• _Instructions to follow_
From the line that holds "历年第125期排列三同期奖号" down to the last line of the listing below, transcribe exactly and only those lines. Leave pictures out.

• _Given data_
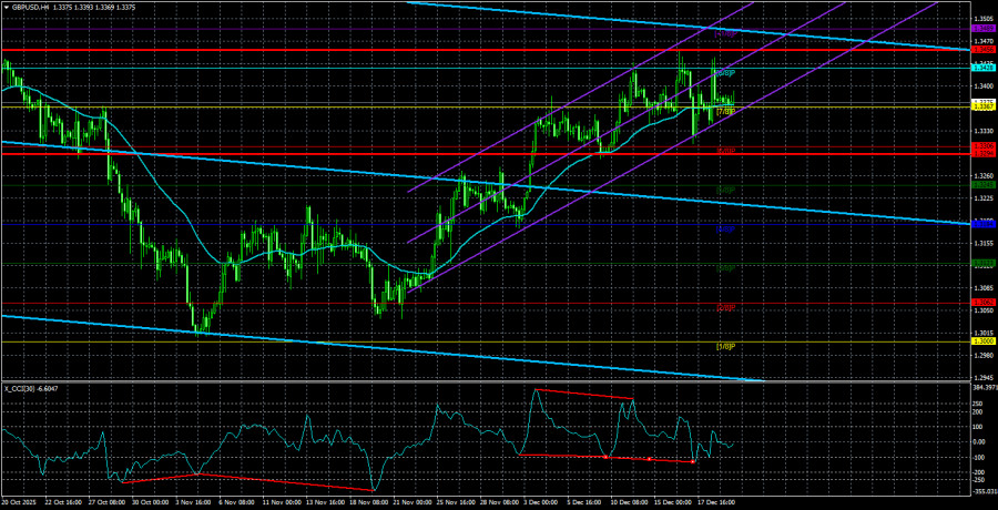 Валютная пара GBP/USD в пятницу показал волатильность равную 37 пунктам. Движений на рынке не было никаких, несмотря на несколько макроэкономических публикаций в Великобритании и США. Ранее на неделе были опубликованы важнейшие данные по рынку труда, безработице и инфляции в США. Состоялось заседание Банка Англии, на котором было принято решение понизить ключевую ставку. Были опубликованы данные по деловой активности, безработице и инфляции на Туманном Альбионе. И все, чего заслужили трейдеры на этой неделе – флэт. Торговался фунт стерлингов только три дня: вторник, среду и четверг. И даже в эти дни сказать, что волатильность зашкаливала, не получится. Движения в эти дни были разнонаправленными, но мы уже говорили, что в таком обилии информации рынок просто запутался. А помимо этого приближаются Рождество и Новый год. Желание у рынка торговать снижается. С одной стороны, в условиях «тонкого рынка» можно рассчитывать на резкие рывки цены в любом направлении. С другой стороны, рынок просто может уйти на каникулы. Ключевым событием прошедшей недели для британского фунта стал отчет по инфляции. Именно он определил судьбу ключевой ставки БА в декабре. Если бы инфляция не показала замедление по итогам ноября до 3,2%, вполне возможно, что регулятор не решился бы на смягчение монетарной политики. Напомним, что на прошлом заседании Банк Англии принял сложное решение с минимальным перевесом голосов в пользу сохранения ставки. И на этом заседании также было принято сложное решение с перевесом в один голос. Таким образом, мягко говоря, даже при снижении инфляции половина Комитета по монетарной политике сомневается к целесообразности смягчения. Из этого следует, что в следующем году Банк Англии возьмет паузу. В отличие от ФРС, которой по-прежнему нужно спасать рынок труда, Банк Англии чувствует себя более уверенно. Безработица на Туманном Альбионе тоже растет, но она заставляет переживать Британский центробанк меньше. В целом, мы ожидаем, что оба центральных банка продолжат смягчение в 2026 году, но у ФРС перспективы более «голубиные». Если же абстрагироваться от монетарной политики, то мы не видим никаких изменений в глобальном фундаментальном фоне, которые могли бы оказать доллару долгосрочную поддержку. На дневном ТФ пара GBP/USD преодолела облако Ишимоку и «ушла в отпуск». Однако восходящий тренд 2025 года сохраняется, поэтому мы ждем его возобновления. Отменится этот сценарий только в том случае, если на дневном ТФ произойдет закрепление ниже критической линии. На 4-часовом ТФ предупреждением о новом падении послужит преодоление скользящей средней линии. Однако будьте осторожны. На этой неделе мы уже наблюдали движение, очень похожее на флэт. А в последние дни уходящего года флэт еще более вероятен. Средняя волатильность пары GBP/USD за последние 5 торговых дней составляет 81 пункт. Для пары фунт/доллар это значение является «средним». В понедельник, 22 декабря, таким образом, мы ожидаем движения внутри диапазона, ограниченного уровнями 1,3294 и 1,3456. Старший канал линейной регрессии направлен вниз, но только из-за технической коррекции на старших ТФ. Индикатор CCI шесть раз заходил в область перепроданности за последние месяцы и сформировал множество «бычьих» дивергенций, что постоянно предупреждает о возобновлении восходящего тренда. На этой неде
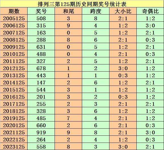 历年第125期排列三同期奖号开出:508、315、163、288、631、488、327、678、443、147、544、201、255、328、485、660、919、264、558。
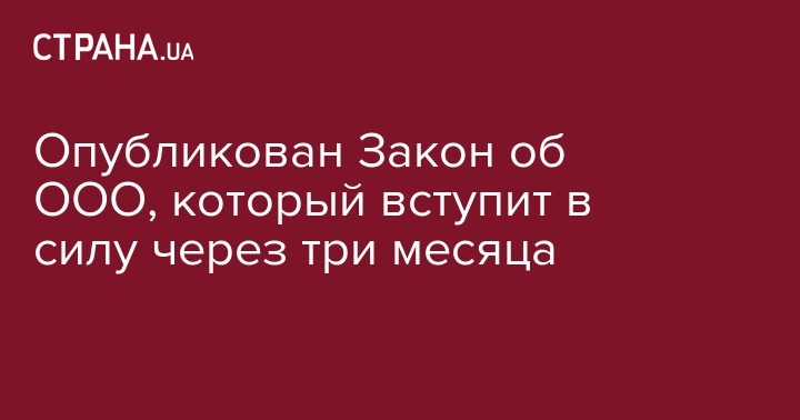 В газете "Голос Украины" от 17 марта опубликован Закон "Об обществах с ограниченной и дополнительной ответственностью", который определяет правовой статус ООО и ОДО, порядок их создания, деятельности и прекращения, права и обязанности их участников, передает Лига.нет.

• _Answer to the problem_
 历年第125期排列三同期奖号开出:508、315、163、288、631、488、327、678、443、147、544、201、255、328、485、660、919、264、558。
 В газете "Голос Украины" от 17 марта опубликован Закон "Об обществах с ограниченной и дополнительной ответственностью", который определяет правовой статус ООО и ОДО, порядок их создания, деятельности и прекращения, права и обязанности их участников, передает Лига.нет.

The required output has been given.